__Source data__:
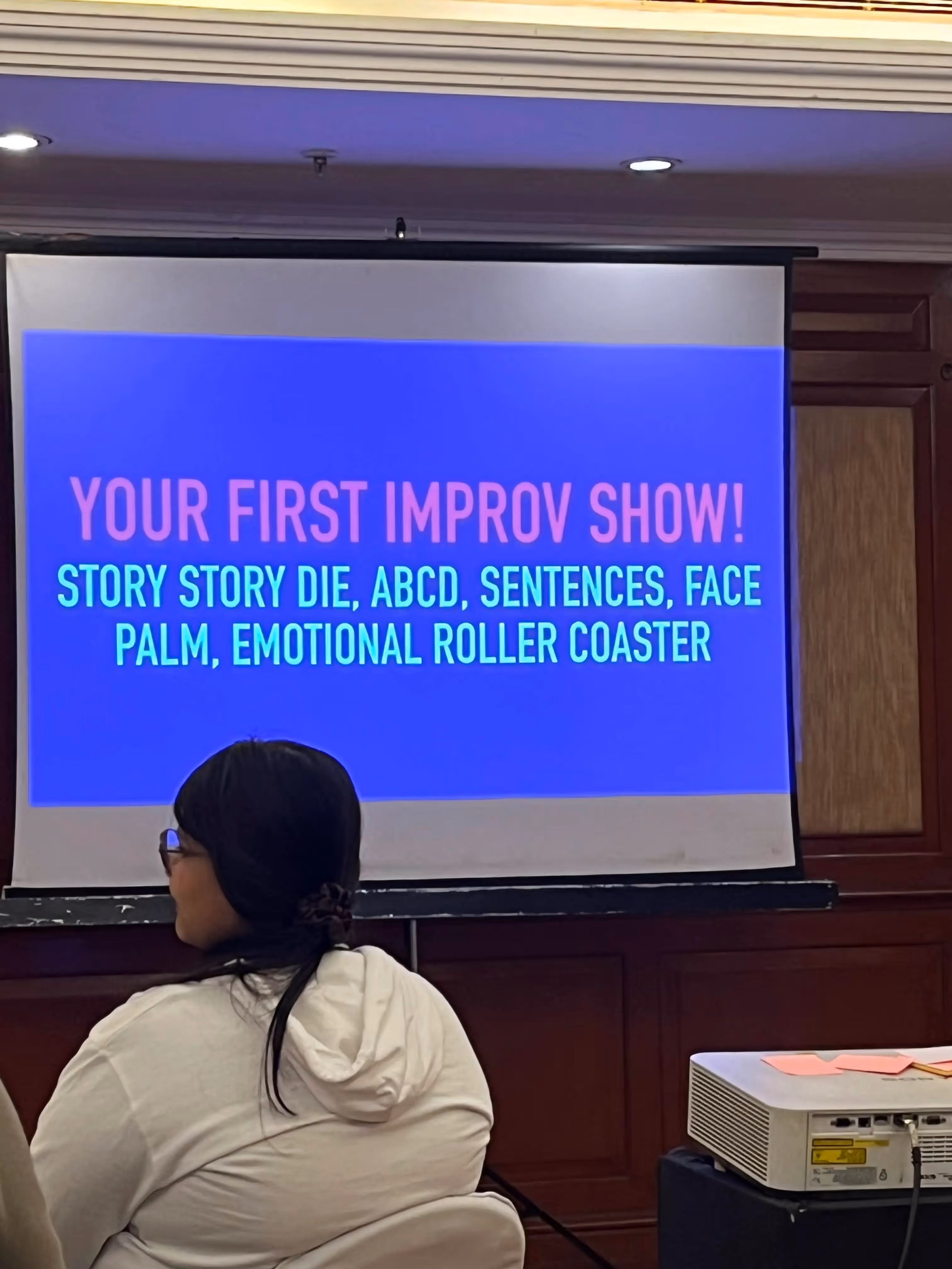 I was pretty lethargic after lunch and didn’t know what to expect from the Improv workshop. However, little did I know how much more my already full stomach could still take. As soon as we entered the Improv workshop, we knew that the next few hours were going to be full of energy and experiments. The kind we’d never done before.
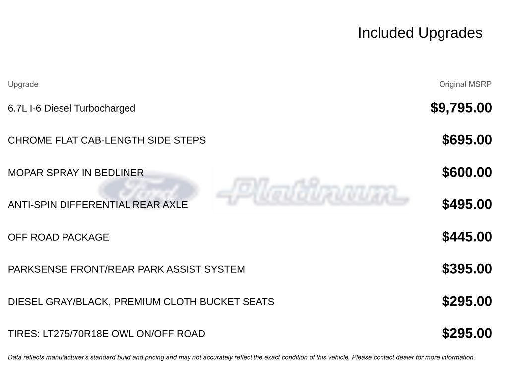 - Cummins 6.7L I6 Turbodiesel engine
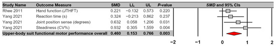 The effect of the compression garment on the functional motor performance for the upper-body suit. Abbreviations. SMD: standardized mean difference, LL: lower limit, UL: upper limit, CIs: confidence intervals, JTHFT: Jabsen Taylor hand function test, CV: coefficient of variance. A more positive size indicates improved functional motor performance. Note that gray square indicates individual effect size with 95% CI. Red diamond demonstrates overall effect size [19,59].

__What is needed__:
Print the full listing above again with exact wording and no images.

__Result__:
 I was pretty lethargic after lunch and didn’t know what to expect from the Improv workshop. However, little did I know how much more my already full stomach could still take. As soon as we entered the Improv workshop, we knew that the next few hours were going to be full of energy and experiments. The kind we’d never done before.
 - Cummins 6.7L I6 Turbodiesel engine
 The effect of the compression garment on the functional motor performance for the upper-body suit. Abbreviations. SMD: standardized mean difference, LL: lower limit, UL: upper limit, CIs: confidence intervals, JTHFT: Jabsen Taylor hand function test, CV: coefficient of variance. A more positive size indicates improved functional motor performance. Note that gray square indicates individual effect size with 95% CI. Red diamond demonstrates overall effect size [19,59].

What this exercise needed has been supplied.